I am not finding it very strange because for sure well over 90% of the time is not spent doing the exercise's sum computation.

Gunther

Hi aw27,

Quote from: aw27 on December 24, 2017, 03:37:33 AM
I am not finding it very strange because for sure well over 90% of the time is not spent doing the exercise's sum computation.
That's a very pessimistic estimate. I really do not want fruitless discussions here. Furthermore, I won't be penny-wise and pound-foolish. But is it right that the small loop overhead (a very simple for loop), passing 2 parameters plus an appropriate call and return needs more time than the floating point calculation of the array sum of 4096 elements?

Incidentally, this is not an unusual scenario. I'll give a practical example: For several years, our software for fractal image compression has been running at CERN. The encoder consists of about 150000 lines of code, as well as the decoder. The decoding process is no problem and runs in real time. The encoding is very expensive - hard number crunching. We've profiled the entire encoding process and we found out the following: There are 6 procedures, less than 0.5% of the code. They formed the bottleneck. With a small image of 256x256 pixels, they are called over 33 million times. With the doubling of the image size, the effort increases by a factor of four. Those were the time wasters.

What happened inside the procedures? Very simple things: Calculation of the arithmetic mean, the root mean, the scalar product always of 2 vectors. No witchcraft. So we realized only this procedures in assembly language with different code paths: classic usage of the good old FPU, SSE2 code, AVX code. The reason is simple: The PC farm at CERN consists of just over 20,000 computers and is very heterogeneous. That has historical reasons. Since these are true color images, of course, the calculation of the individual color planes was parallelized. That was not easy, because there is loose coupling inside the cluster and tight coupling between the cores. But it works well now. To sum up: We hope that we can scratch the real time with the AVX-512 code part. That would be a large step forward.

That's what I'm doing at the moment. This is my small, modest contribution in the hunt for the Higgs boson and other particles. That's why I designed and wrote the test bed in this form and not differently. Although it looks a bit stupid at first glance, it certainly has a real background.
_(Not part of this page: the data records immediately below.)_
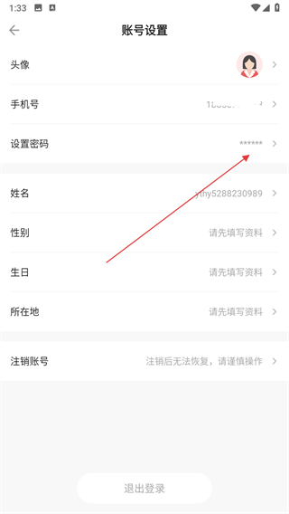 3、在賬號(hào)設(shè)置頁(yè)面點(diǎn)擊設(shè)置密碼選項(xiàng),進(jìn)入設(shè)置密碼頁(yè)面。
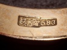 - 1958 begannen sie, auf sowjetisches Gold zu setzen Marke, die in der UdSSR als Qualitätszeichen bezeichnet wurde. Es sah aus wie ein fünfzackiger Stern mit einer Sichel und einem Hammer. Ein solches Zeichen wurde nur auf Schmuck angebracht.
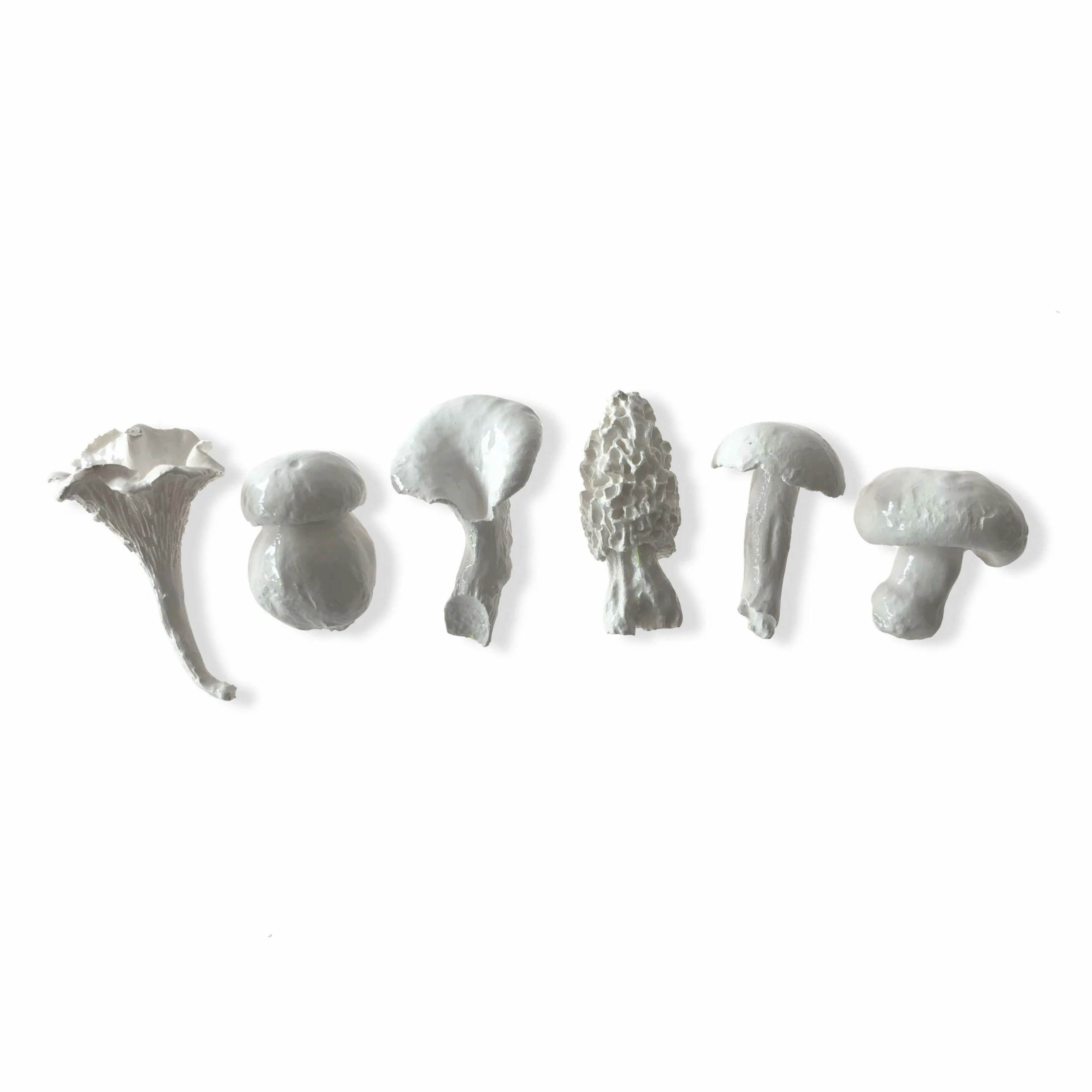 La Galine Set Of 6 White Mini Mushrooms Ceramics
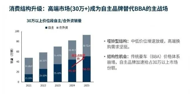 在30万以上的高端赛道,一场关于“豪车定义权”的更迭已接近尾声。这不仅是销量的替代,更是“机械豪华”向“科技豪华”的代际跃迁。数据预警: 自主品牌在30万以上市场的份额已从2021年的12%暴涨至2025年的51%,预计2026年将突破60%。品牌资产重组: 随着BBA等传统燃油豪华品牌步入结构性衰退,其品牌溢价正在快速消失。自主品牌通过高阶智驾和自研算力,重塑了高端市场的“入场标准”。2026年,如果一款30万以上的车型不具备端到端智驾和超1000 TOPS的算力,它将彻底丧失与自主豪华品牌博弈的资格。【核心看点四】AI算法的“质变时刻”:VLA与世界模型开启智驾下半场
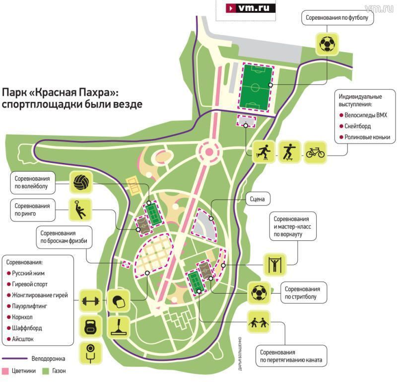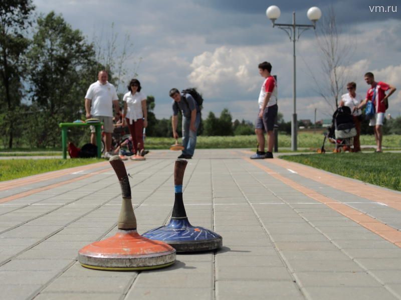 В парке в этот день работала площадка для экзотических игр, которые еще набирают популярность среди новых москвичей. На одной из площадок гостям молодежного праздника предлагали сыграть в корнхол — игру древних американцев. Ее суть в том, чтобы забросить в круглое отверстие в доске квадратные мешочки, наполненные бобами. Была площадка и для игры в шаффлборд (смесь керлинга и классиков).
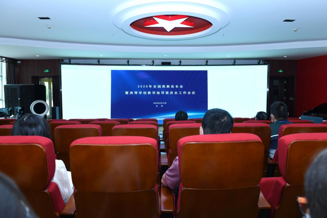 6月15日下午,2020年全国高教处长会暨高等学校教学指导委员会工作会议以视频会议形式在京召开。伟德按上级文件要求,组织全校教学管理人员在思政课教学体验中心集中收看了会议视频直播。校长杜彩芹、副校长杨涛出席会议,各教学单位主任、教学副主任、教学秘书、教务员、教务处全体成员参加会议。
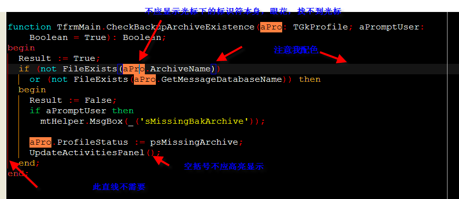 2. 对于“光标下匹配标识符和关键字"的高亮显示,我觉得应该只高亮显示其它匹配的配标识符和关键字, 而不应该高亮当前光标下的配标识符和关键本身,否则眼花,找不着当前光标的位置了。
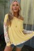 Home > Yellow Floral Patchwork Waffle Knit Babydoll Blouse

For the longtime members of the forum that was certainly a boring repetition, because they know what I'm doing for years. I wrote it down only for the newer members and ask for leniency.
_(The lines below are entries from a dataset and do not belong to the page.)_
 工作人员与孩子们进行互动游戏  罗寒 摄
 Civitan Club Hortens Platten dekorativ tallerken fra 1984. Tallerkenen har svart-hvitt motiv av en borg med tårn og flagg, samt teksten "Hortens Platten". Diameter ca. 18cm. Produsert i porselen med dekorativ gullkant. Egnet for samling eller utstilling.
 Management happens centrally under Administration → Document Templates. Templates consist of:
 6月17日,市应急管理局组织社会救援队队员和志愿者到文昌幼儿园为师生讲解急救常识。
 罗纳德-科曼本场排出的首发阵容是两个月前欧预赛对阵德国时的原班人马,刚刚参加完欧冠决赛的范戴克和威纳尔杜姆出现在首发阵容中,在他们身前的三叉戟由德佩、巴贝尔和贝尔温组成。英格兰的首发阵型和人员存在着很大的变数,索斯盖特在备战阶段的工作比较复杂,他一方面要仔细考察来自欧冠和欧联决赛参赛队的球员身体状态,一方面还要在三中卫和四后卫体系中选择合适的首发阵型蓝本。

All in all, all the testers have helped me a lot, and for that I would like to thank you once again.

Gunther
You have to know the facts before you can distort them.

aw27

#51
Hi Gunther,
May be are talking about different things. This runs under an emulator, the emulator takes a lot of time to do emulation because it runs in single step mode, i.e, it sets the trap flag which invokes INT 01 after each instruction which causes a call to an ISR  in the kernel. The ISR will check the next instruction to be executed and replace it with a call to a user mode routine, if necessary. This procedure is repeated until the program ends.This is what I believe happens, I don't know about alternatives, but they may exist. I can not check with the emulator source code because is not available.

hutch--

Gunther,

I have not really kept up with this conversation but your last post had some interesting stuff in it in relation to the isolation of the main bottleneck in doing very large counts of number crunching calculations. I gather the 20000 computers are x86/64 based rather than Itaniums and that there must be some dedicated hardware to interface them so that the calculation load can be distributed in a useful manner. What I wonder is if the hotspot where the time is being taken can be tuned so that a section of the processing power deals directly with this bottleneck.

Its the usual stuff here, bash the guts of the calculation code in its single thread form to extract the maximum speed them find a technique to parallel process the workload then multithread the work based on the thread count of each processor to get more hardware working on the main bottleneck.

Gunther

Steve,

Quote from: hutch-- on December 24, 2017, 07:13:50 AM
I gather the 20000 computers are x86/64 based rather than Itaniums
That's the situation. We've machines with 2, 4, 6, 8, 12 and 16 cores. The machines with 16 cores do not exist that often, there is a shortage of money. Anyway, the boxes can be interconnected to a large Cluster. We're using Open MPI to handle all the complicated stuff. It's robust and rock solid.

The situation is, roughly speaking, as follows. Each image is broken down into domains and ranges. We do that recursively; this results in a domain pool and a range pool. Each domain is twice as large as a corresponding range at the appropriate recursion level. This has to do with the Contract Mapping Theorem by Stefan Banach, which forms the basis of the whole method. The ranges must not overlap (a disjoint set structure). The domains can overlap and they do. We simply move a domain window column by column and row by row over the image. Before we do that, the domain is shrinked down to the appropriate range size. And now comes the bottleneck: We want find the best fit with a given domain in comparison with each range. If we can't find a fit, a new recursion level is required. If we find a fit, this part of the image is marked and we've found the fractal code for this image part.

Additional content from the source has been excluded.